Exercise prompt -
What are the lines, word for word, from the line with "Pegatina Redonda Calabaza" up to and including the line with "เทศบาลเมืองแจร" in the records below? Omit the pictures.

Provided data -
****************************************

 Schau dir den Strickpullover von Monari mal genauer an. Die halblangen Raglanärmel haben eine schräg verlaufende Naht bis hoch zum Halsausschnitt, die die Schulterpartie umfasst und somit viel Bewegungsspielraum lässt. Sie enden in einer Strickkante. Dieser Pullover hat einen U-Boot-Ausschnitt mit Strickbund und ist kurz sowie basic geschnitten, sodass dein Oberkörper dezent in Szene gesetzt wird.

****************************************

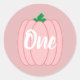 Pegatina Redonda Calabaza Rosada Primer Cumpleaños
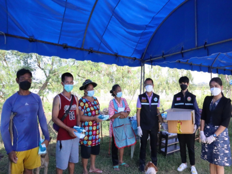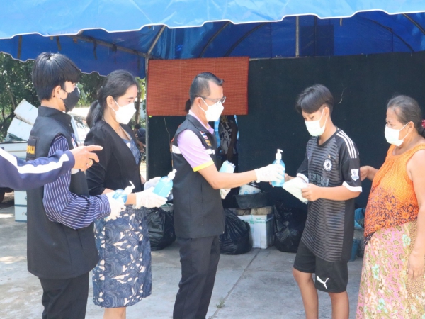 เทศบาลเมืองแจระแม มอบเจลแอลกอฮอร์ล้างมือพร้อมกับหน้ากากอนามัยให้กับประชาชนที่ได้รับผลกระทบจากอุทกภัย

****************************************

Task result -
 Pegatina Redonda Calabaza Rosada Primer Cumpleaños
 เทศบาลเมืองแจระแม มอบเจลแอลกอฮอร์ล้างมือพร้อมกับหน้ากากอนามัยให้กับประชาชนที่ได้รับผลกระทบจากอุทกภัย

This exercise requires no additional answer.